Building a tic-tac-toe solver with AI

Earlier this week I've been working on a tic-tac-toe solver built with the help of AI. You can play with it at the link below.

https://tictactoe.tjwaterman.com

The UI looks like this.

gameboard

My goal with the project was to practice using AI to build something. I also wanted a get a feel for what building an end-to-end product would be like. Most of my time spent developing is pretty close to the database, so I thought this would be a good project to practice both things.

There ended up being about 1000 lines of code total. There's a Vue app that asks an AWS Lambda function what move it should play next. The move is chosen by a reinforcement learning model that was built and trained with the Python standard library.

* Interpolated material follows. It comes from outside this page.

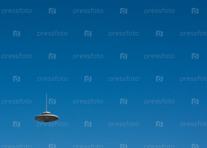 Одно НЛО (неопознанный летающий объект), летящее в ясном голубом небе
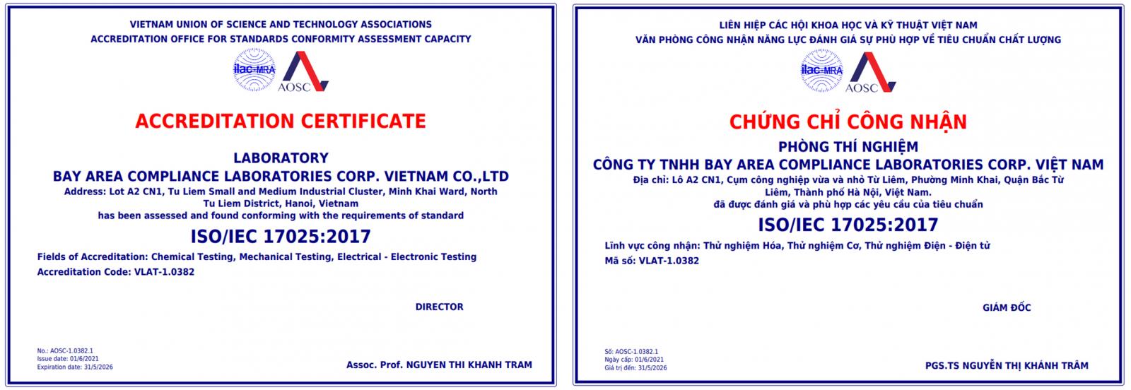 BACL越南分公司成立于2016年,坐落于越南首都河內市和第一大城市胡志明市,現擁有員工100+人,占地面積3000m2。BACL越南河內實(shí)驗室是倍科集團在東南亞地區繼臺灣(汐止/林口)、韓國B(niǎo)WS實(shí)驗室布局之后的又一個(gè)重要站點(diǎn)。BACL越南河內實(shí)驗室嚴格按照ISO/IEC 17025質(zhì)量管理體系建立,早在2019年就獲得了越南AOSC認可機構的認可。

Overall I was shocked at how nice the app came out looking. I asked Copilot to write all the CSS, which it did in about 30 seconds. There are even nice animations. Without that help, I probably would have spent numerous hours wrangling and fiddling and even then I would have produced something that wasn't as good. I'm pretty much sold on asking AI to write CSS for me from now on.

But when I tried to ask AI for help with the code on the backend I felt it actually ended up costing me time in the long run. I was using the Copilot autocomplete with the Claude Sonnet 4 model and liberally accepting its suggestions.

After some time racing through this, I paused: I did't really understand what Copilot was producing here. I could superficially tell you what was happening, but I didn't have a clear design for the project. I had lost control.

There was inevitably a bug that needed to be fixed and the AI was failing at it. It gave several earnest tries and eventually got stuck in a loop. I realized I was going to have to help out.

I'm sure had I been using my normal development approach I could have solved it pretty quickly. But because I'd been vibe coding I'd now have to go back and carefully read through everything the AI created, which was going to take me just as long, if not longer, than creating it myself.

This was actually one of the first lessons I remember learning about technical projects: it can sometimes be easier to build something from scratch than it is to modify something that someone else created. That's counter intuitive to most people because it's very different than projects in the real world. It's much easier to do a kitchen renovation than it is to rebuild the whole house. But with technical work, it might actually be faster to just throw the whole thing away and restart, so long as "the whole thing" isn't too large.

I think that's the difference between the CSS and the backend. I don't honestly care about being totally in control of the CSS. As long as it's good enough, then I'm more than happy. In fact I'm delighted.

But on the backend, I absolutely want to be in control. I need that in order to really understand the domain I'm working on, and especially to fix some bugs. The AI is great at fixing things say 80% of the time, but that's actually not high enough. If I can't trust it 100% of the time, then I need to be able to complete that remaining percentage; to complete those remainders, I need to have a full understanding of the code.

So I ended up throwing away almost all the backend code that the AI wrote and rewriting it myself pretty quickly.

Overall, I'll definitely be using AI for my next projects, but on a shorter leash. For something like CSS it's perfect; a database schema not so much.